村上春樹レヴューのブログ

自称村上主義者の私が独自の切り口で作品をご紹介します。

【世界で最後の花】

 本書の作者のジェームズ・サーバーはオハイオ州生まれです。雑誌「ニューヨーカー」の編集者・執筆者として活躍しました。イラストレーター、漫画家としても活動し、当時最も人気のあるユーモア文学作家の一人であったと言われています。

 

 原作は1939年9月にナチス・ドイツ軍がポーランドに侵攻し、第二次世界大戦が勃発した同年の11月に刊行されています。一躍世界的ロングセラーとなり、我が国でも1983年に刊行された後に絶版になりました。2023年6月、村上春樹の新訳で復刊された本作をご紹介します。

 

《あらすじ》
12次世界大戦によって文明は破壊され、町も都市も村も地上から消えてしまった。生き残った人間たちはなにをするでもなく、ただぼんやり座りこんだまま歳月が流れた。ある日、ひとりの若い娘が世界に残った最後の花を目にする。そしてひとりの若い男とその一輪の花を育てはじめた。

 

『世界に愛が再び生まれた』

まもなく花は二本になり、まもなく四本になり、それからもっともっとたくさんになりました。 林と森がまた地上にもどってきました。 若い娘は、自分がどんなふうに見えるか、気になりだしました。 若者はその娘にさわるのが、とてもすてきな気持ちのするものだと気づきました。 世界に愛が再びうまれたのです。

 

こから膨大な歳月が流れ、新たな秩序が積みあげられていく。町や都市ができ、様々な商売や芸術が生まれた。しかし、対立する住民たちを扇動する信仰や思想によって、全てを無に帰する戦争がまたもや勃発する。

 

【魂のソフト・ランディング】

 本書には、戦争を繰り返す人類への皮肉と、平和への切実な願いが込められています。

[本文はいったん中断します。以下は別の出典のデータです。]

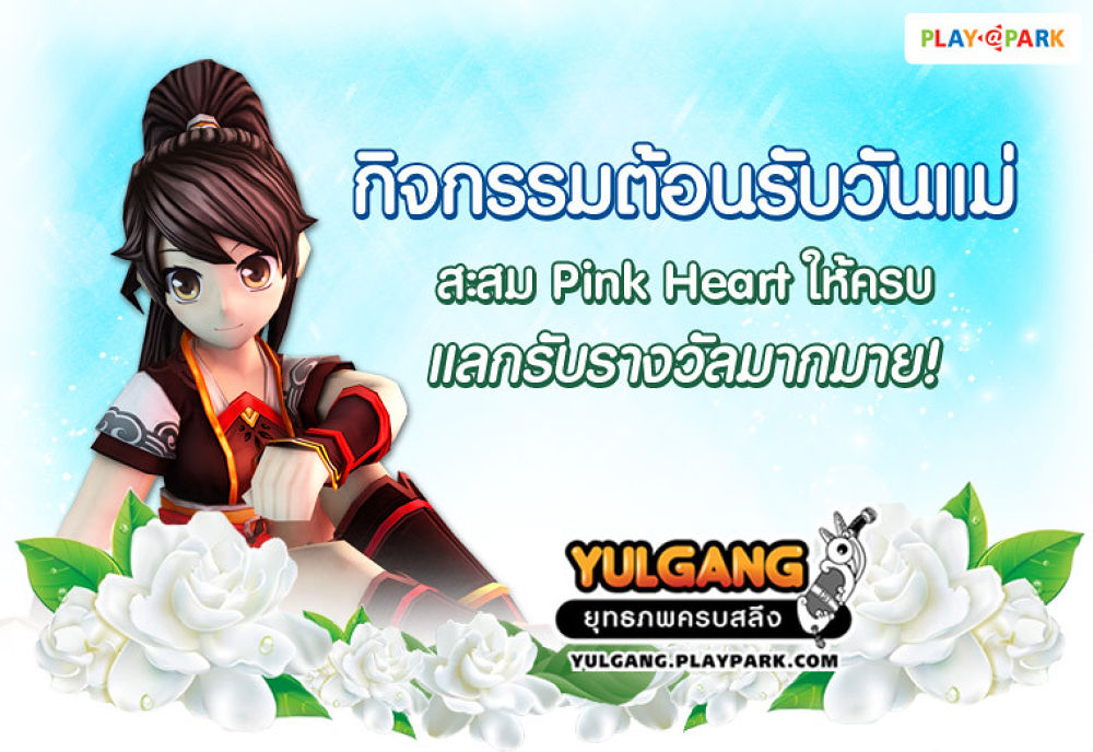 Yulgang ยุทธภพครบสลึง สุดยอดเกม MMOแนวจีนในประเทศไทย ชวนเพื่อนๆ มาสะสมPink Heart ให้ครบทั้ง 3 ชิ้น ตามเควสที่ได้รับ (เควส ความรักของแม่) แล้วนำมาแลกรับของรางวัลไปได้เลย!! เข้าร่วมกิจกรรมได้แล้วตั้งแต่วันนี้- 17 สิงหาคม 2560 รายละเอียดเพิ่มเติม (คลิกที่นี่)
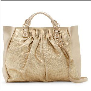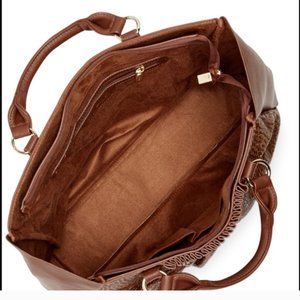 Classic weekender in woven texture faux leather. This travel-ready bag is packed with pockets which is a choice pick for style-savvy storage.
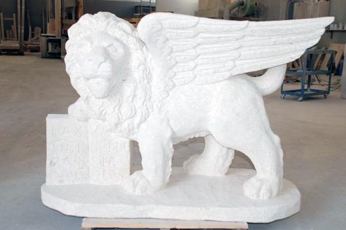 Todos os leões foram presentes do governo do Vêneto italiano (o projeto tem custo total de € 180 mil, cerca de R$ 500 mil) – eles estão guardados em Nova Pádua até serem entregues (cada um pesa 600 quilos e tem um metro de altura, 1,40m de comprimento e 65cm de largura). No Centro de Flores da Cunha a estrutura que abrigará a estátua é erguida na esquina da Avenida 25 de Julho com a Rua John Kennedy (foto abaixo). Os leões, esculpidos em mármore pelo artista plástico Enrico Pasquale, serão colocados em colunas de 8m de altura com os olhares voltados para o Vêneto. O Leão Alado é o símbolo de Marcos (São Marcos), autor de um dos evangelhos da Bíblia, e de Veneza.
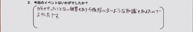 “自分がやったことのない練習もあり、今後に役立つような知識を知れて良かったです”
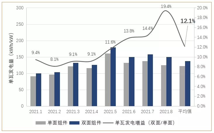 我們獲取了該項目從2021年1月到2021年8月共計8個月的發(fā)電數(shù)據(jù),為了評估項目的發(fā)電效果,選取了鄰近305Wp常規(guī)單晶組件的電站做參照。通過兩個電站各月單瓦發(fā)電量的對比,隆基雙面組件相比常規(guī)單晶組件每瓦發(fā)電量高12.1%。
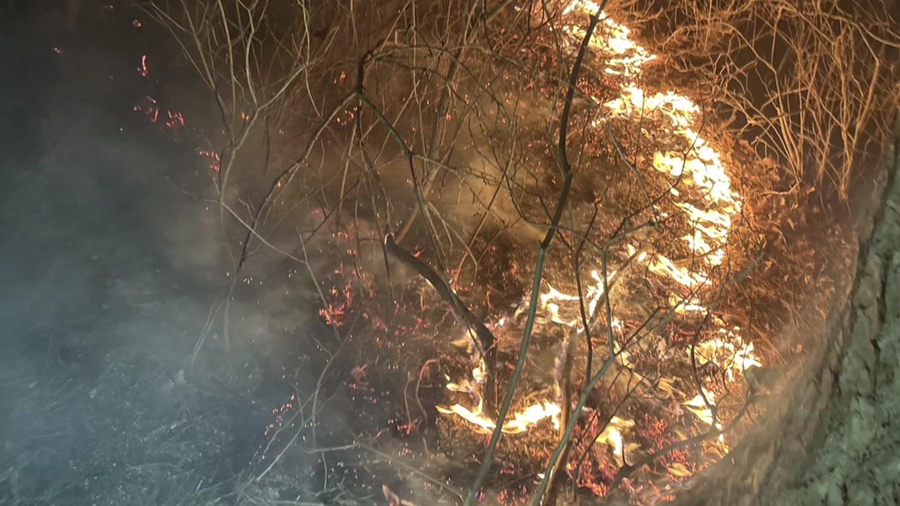 어둠이 자리 잡은 산등성 한가운데 새빨간 불길과 함께 희뿌연 연기가 솟아오릅니다.

サーバーは、時の趨勢であったキリスト教的な意味付けや、マルクス主義的な弁証法などを排斥して、社会に訪れた無意味で不条理な現実を描きました。その平易な語り口と簡素なイラストには、物事を根本的に解決するうえで知性や論理など無用という徹底的な反知性主義が貫かれています。

 

 2022年2月24日、ロシアによるウクライナ軍事侵攻が始まりました。私たちは東西対立という歴史の混沌に再び足を踏み入れつつあります。心ある人なら誰もが、このような状況を脱して、平和で秩序ある世の中へのランディング(着地)を願うに違いありません。

 

 かつて村上春樹は、原理主義ナショナリズム、極端な啓蒙思想によって物事の解決を図る「ハード・ランディング」に対抗する「ソフト・ランディング」の重要性を説きました。「ハード・ランディング」が目に見えやすく、手に取りやすく、言語化しやすい一方で、「ソフト・ランディング」は見えにくく、手ごたえがなく、分かりにくいものであるとしながら、次のようにコメントしています。

 

定義化しがたいものを定義するにはどうすればいいのか?言語化しがたいものを言語化するにはどうすればいいのか? 僕はそれこそが「物語」の果たすべき役割だと思うのです。(中略)僕は21世紀の物語とは(なんだか大きく出るようで心苦しいのですが)、そのような魂のソフト・ランディングに向けてのガイドライン作りにあるだろうと考えています。(ユリイカ総集編『魂のソフト・ランディングのために』より)

 

 定義しがたいものを定義するために、あるいは、言語化しがたいものを言語化するために、本作では『世界で最後の花』という比喩が使われます。たった一つ残された花を愛しむというささやかではあっても確かな幸せを感じる心が、平和への気の遠くなるような長い道のりを支えてくれると信じたいものです。

 

 復刊された本書も、遠からず絶版の憂き目を見ることになるのでしょうか? それもまた仕方のないことかもしれません。生身の人間が長きにわたって世界の破滅への警戒感を持ち続けるのはあまり健全とは言えませんし、そもそも本書のメッセージが戦争の当事者の心に刺さるとは到底考えられませんから。ただ、素朴な絵の筆づかいが、不思議に私の脳裏に残ったことは確かです。